> _WHAT THE TASK REQUIRES_: An exact reproduction of all the data is needed, with no images in it.
(DATASET EXCERPT begins)
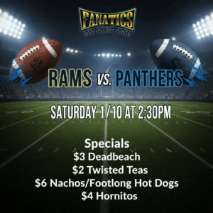 Catch the RAMS vs PANTHERS this Saturday 1/10 at 2:30pm at Fanatics!
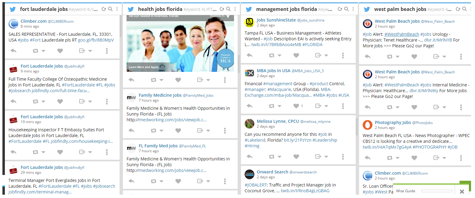 Witness for yourself the power of Twitter with this screenshot (click to enlarge) of multiple Job Feeds scrolling with new job postings (almost like the data feed from the movie, “The Matrix”). This is the future of job placement – live job postings streaming in real time that never get advertised in the newspaper!
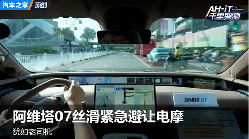 阿维塔07丝滑紧急避让电摩 犹如老司机
(DATASET EXCERPT ends)
> _EXERCISE OUTPUT_:
 Catch the RAMS vs PANTHERS this Saturday 1/10 at 2:30pm at Fanatics!
 Witness for yourself the power of Twitter with this screenshot (click to enlarge) of multiple Job Feeds scrolling with new job postings (almost like the data feed from the movie, “The Matrix”). This is the future of job placement – live job postings streaming in real time that never get advertised in the newspaper!
 阿维塔07丝滑紧急避让电摩 犹如老司机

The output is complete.